Prep Time 15 minutes
Cook Time 2 hours
Total Time 2 hours 15 minutes
Course Breakfast
Cuisine American
Servings 10 People

Ingredients
  

Coffee Cake

  • 1/2 Cup Light or Dark Brown Sugar packed
  • 1/2 Cup Unsalted Butter softened
  • 1/2 Teaspoon Pure Vanilla Extract
  • 3/4 Cup Milk
  • 2 Medium Eggs
  • 2 Medium Bananas mashed
  • 1 1/2 Cup all purpose flour
  • 2 Teaspoon Baking Powder
  • 1 Teaspoon Ground Cinnamon
  • 1/4 Teaspoon Baking Soda
  • 1/8 Teaspoon Kosher Salt

Streusel Topping

  • 1/2 Cup Unsalted Butter softened
  • 1/3 Cup Light or Dark Brown Sugar packed
  • 1/3 Cup Granulated White Sugar
  • 1/4 Cup all purpose flour
  • 1/2 Teaspoon Ground Cinnamon
  • 1/4 Teaspoon Kosher Salt

Instructions
 

  • In a large mixing bowl, mix the butter, brown sugar, vanilla extract, milk, eggs and bananas.

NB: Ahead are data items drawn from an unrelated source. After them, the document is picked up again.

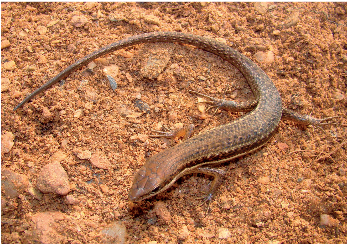
FIG. 2. — Trachylepis affinis (Gray, 1838).

according to Leaché et al. (2006). Further studies are needed to resolve this problem.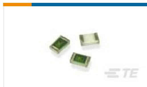
TE Model / Part #1614379-5 RN 0805 12K 0.1% 10PPM CUT LENGTH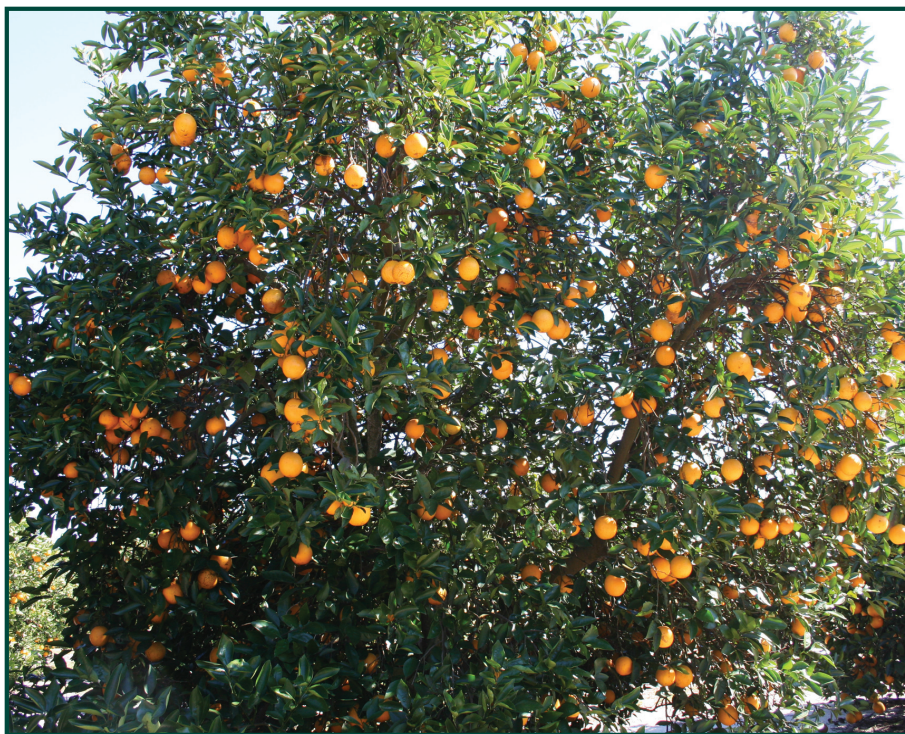
Figure 3. A mature Hamlin orange tree nine months after conversion to pulse fertigation.

A third ACPS experiment was established at the CREC (Citrus Research and Education Center, Lake Alfred) in 2.2 acres of mature 18-year-old Hamlin trees on Swingle citrumelo rootstock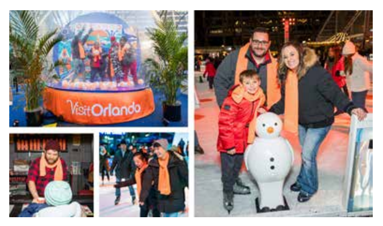
Visit Orlando inspires travel to Orlando with engaging activations, including a unique skating experience, photo ops, and hot chocolate.

Visit Orlando brought a little warm sunshine to New York City's Winter Village at Bryant Park for its second annual Warm Up with Visit Orlando activation. Thousands of New Yorkers enjoyed Orlando Skate Nights and Family SUNday FUNday, ice skating to a customized sunny Orlando Playlist around an orange glow ice rink. Families captured memories in Visit Orlando's "No Snow" sun globe and Wall of Warm, sipped hot chocolate, and bundled up with branded orange scarves. Winter Doesn't Exist is a complete integrated campaign that combines advertising, publicity, social media, activations, and more to inspire travel to Orlando. VisitOrlando.com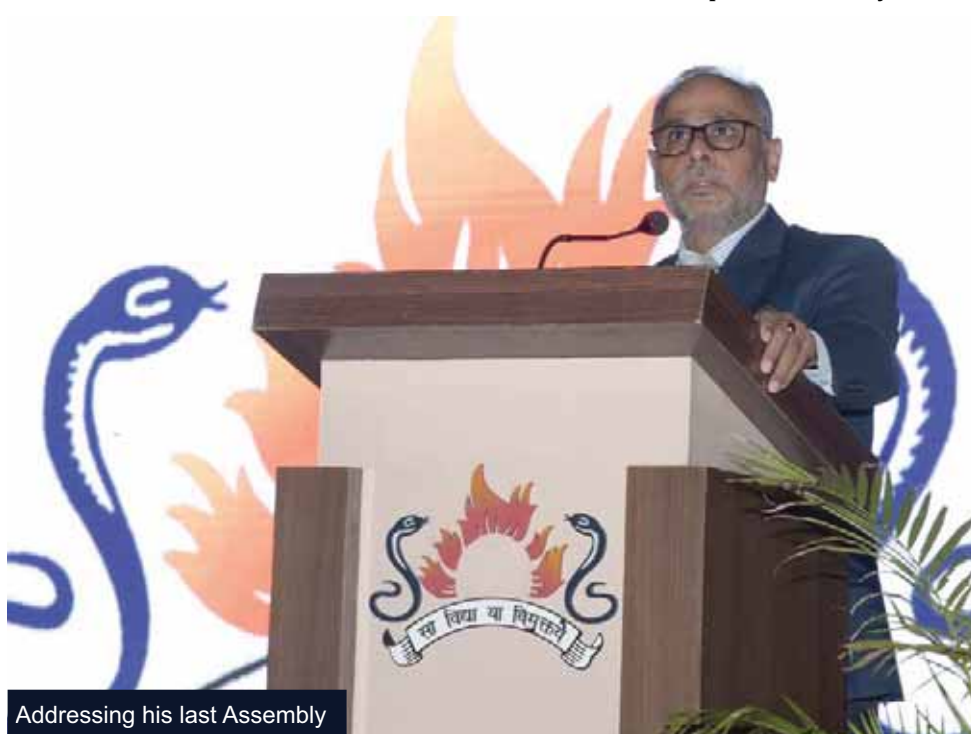
Addressing his last Assembly

Yes, as a community of teachers who understand the competition in the world, we have to take care of academic results. But at the same time, we have to strive for something greater- we have to be able to inspire our kids and ourselves as well – to be better humans. We have to inculcate a culture where health and stability of mind, body, emotions matter as much as marks (academic performance), if not more. We have to strengthen our core and understand the value of being a genuinely good person. We have to tell our kids the true narrative that after a point no one will remember how much you scored in Class 12th even though it means so much right now – after a point people will remember you by how you made them feel, how respectful you are, how caring you are, how patient, honest, kind, helpful you are. Truth be told- that is the only way I decide who will be my company. We have to learn ourselves and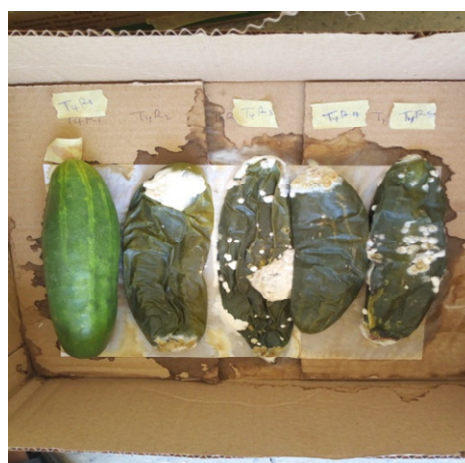
Local shea butter oil (T4)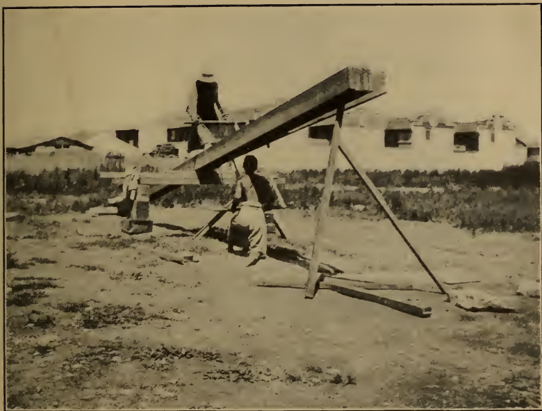
SAWYERS PREPARING LUMBER.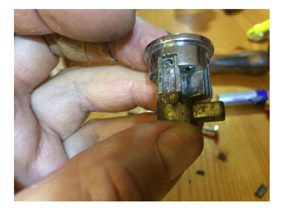
Step 2: The pins that need to be adjusted are behind these plates....

Use a sharp punch to tap them forward far enough to get a grip with pliers then keep your thumb over it so the tiny springs don't fly as you ease the plate out: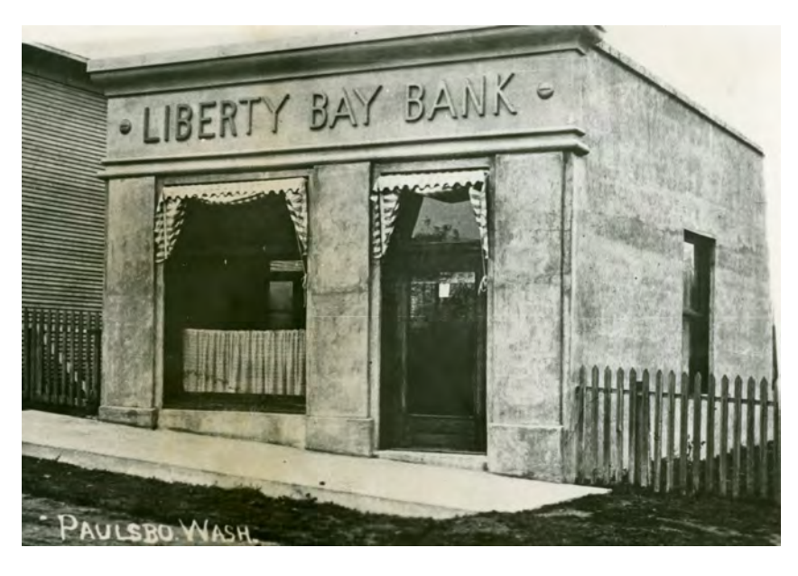
Our new museum began its service in 1910 as Liberty Bay Bank.

Maritime memorabilia is sought that has a connection to Poulsbo, Liberty Bay, and the general North Kitsap region. Items may be donated or loaned. Photos may be copied and returned to their owners.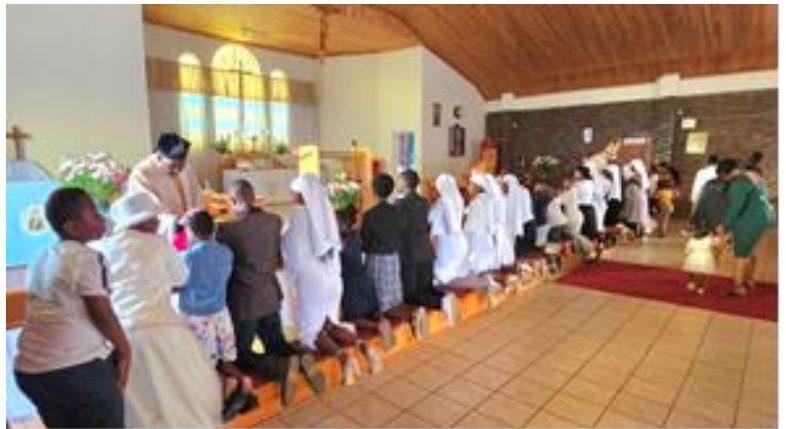
The wonderful, sacred moment of First Holy Communion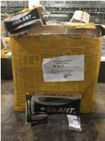
Sexual enhancement product with undeclared drug ingredient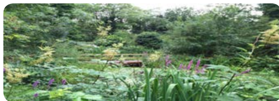
Pond at Eden-Rose Coppice / Sudbury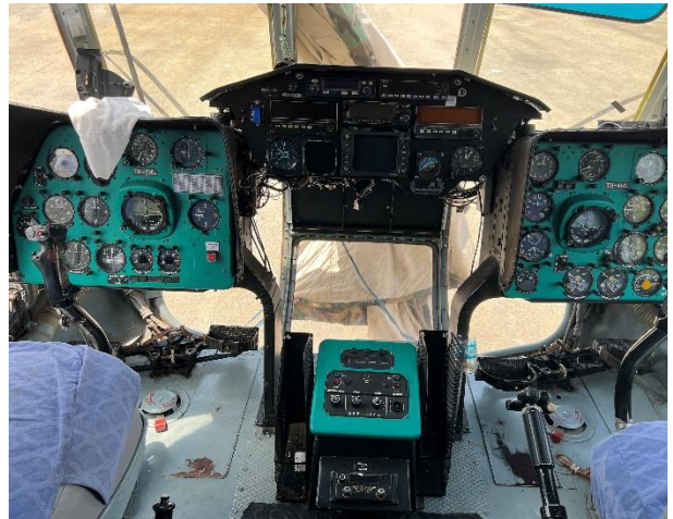
General view of the flight deck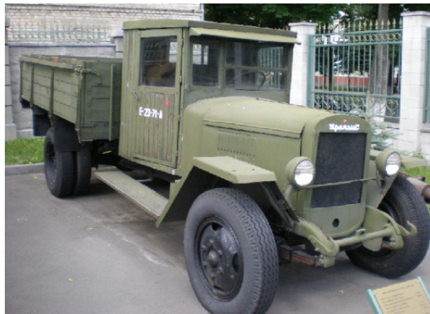
ZIS-5, the legendary domestic truck

Ivan Likhachev. Birth – 1896, with. Ozers of the Tula region... The end of the village school, work as a mechanic at the Putilov factory... during the First World War – a service by a sailor in the Baltic Fleet. From 1917 to 1921 years. Likhachev is a commander in parts of the Red Army, and even an employee of the Cheka. Further – studying at the Mining Academy and the Leningrad Electromechanical Institute. Getting too many, not always applicable in practice, knowledge will upset the future People’s Commissar. He leaves the university and, at the behest of the Communist Party, heads the Moscow Automobile Plant (1926). The plant was founded in 1916, before the final establishment of the Soviet government, it was able to produce about 1,300 Fiat cars. The first

Set aside.
  • In a medium mixing bowl, mix the flour, baking powder, cinnamon, baking soda and salt.
  • Slowly mix the dry ingredients into the wet ingredients using a hand mixer until the batter forms.
  • Grease a crock-pot casserole dish or a 6 qt or larger crock-pot. If using a regular crock-pot, cut a piece of parchment paper and place it on the bottom of the crock covering the bottom and the sides.
  • Add the batter to the slow cooker.
  • In a small mixing bowl, mix the ingredients for the streusel with a fork.
  • Add the streusel topping to the batter in pieces.
  • Cover and cook on LOW for 2 hours or until the middle has set.
  • Serve from the crock-pot casserole dish or if using parchment paper, pull up on the sides of the paper and remove the coffee cake from the slow cooker. Slice and serve.

Notes

double the batter batch for thicker pieces of coffee cake.